# Is nVIDIA GeForce Go 6150 enuf?



## crystal_pup (Feb 14, 2007)

Hey guys please help me to figure out which games can be played on my laptop which has a nVIDIA GeForce Go 6150 graphics card installed in it?

i own a compaq pressario T6106AU Laptop ...1GB RAM,80GB HDD,nVIDIA GeForce Go 6150 Graphics card (256 MB)...Please list the games which can b played with the configuration i have.

Thanks,
Kunal


----------



## Tech Geek (Feb 14, 2007)

Most of the games can be played


----------



## crystal_pup (Feb 15, 2007)

Hey peeps pls giv me names of some games tht is compatible with the graphics card i own....


Thanks,
Kunal


----------



## Harvik780 (Feb 15, 2007)

road rash


----------



## codename_romeo (Feb 15, 2007)

can very well play upto 
NFS carbon
MOH PA
COD2
etc


----------



## kirangp (Feb 16, 2007)

Harvik780 said:
			
		

> road rash




Lolz Harvik


----------



## Darthvader (Feb 17, 2007)

everything but miserably as it has shader 3 support but is miserable nonetheless


----------



## Pathik (Feb 17, 2007)

many games can be played on ur mobo... 
u can ask us whether a game is compatible or no...


----------



## sadhu_s60 (Feb 17, 2007)

i bought compaq/hp presario lappy v3149au some days back with 6150 gforce go...... the most heavy game i tried is NFS CARBON..... works a treat !!!!! smoooooth.......
__________
btw, my grafix mem is 512 total..... sharing 256 from RAM


----------



## crystal_pup (Feb 17, 2007)

*Yeah...even on my lappy NFS carbon runs smoothly  ...no worries... *

*I tried playing HALO also...its 2 running wonders...  *

*But CALL OF JUAREZ was troublesome   ... not to my expectations as i had to tweak some configurations to make it run... *

*Hey guys tell me names of some hardcore action games ....*

*i wanna play them ....Just if my graphics card supports them n all...*

*Thanks,*
*Kunal*


----------



## Pathik (Feb 17, 2007)

prey
painkiller
call of duty 2
hitman : silent assasin


----------



## soham (Feb 17, 2007)

sadhu_s60 said:
			
		

> i bought compaq/hp presario lappy v3149au some days back with 6150 gforce go...... the most heavy game i tried is NFS CARBON..... works a treat !!!!! smoooooth.......
> __________
> btw, my grafix mem is 512 total..... sharing 256 from RAM



It is an onboard solution.
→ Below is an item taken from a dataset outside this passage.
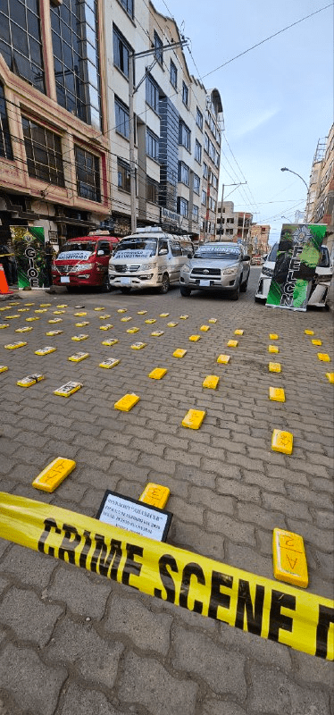 La Paz, 10 de feb 2026 (ATB Digital) .- En dos operativos realizados entre el 5 y el 9 de febrero, la Fuerza Especial de Lucha Contra el Narcotráfico (FELCN) en La Paz decomisó 96 paquetes de clorhidrato de cocaína, que en total suman cerca de 100 kilos. Además, aprehendieron a cinco personas e incautaron tres vehículos.

SO it doesnt have any dedicated Video RAM. So if it shares 256 MB from the system RAm that is all graphics RAM you get, not 512 MB.


----------



## crystal_pup (Feb 20, 2007)

*hmmmmmm*


----------



## nishant_nms (Feb 21, 2007)

see 6150 nd 6100 show 512 MB graphics RAM when u share 128 oo RAM for graphics


----------



## crystal_pup (Feb 21, 2007)

*i m a bit confused abt this sharing issue   ...Pls explain how to share 128 MB RAM with graphics n all....My current RAM is 1GB  *


----------



## Darthvader (Feb 22, 2007)

No its fixed and u cant increase ram shared


----------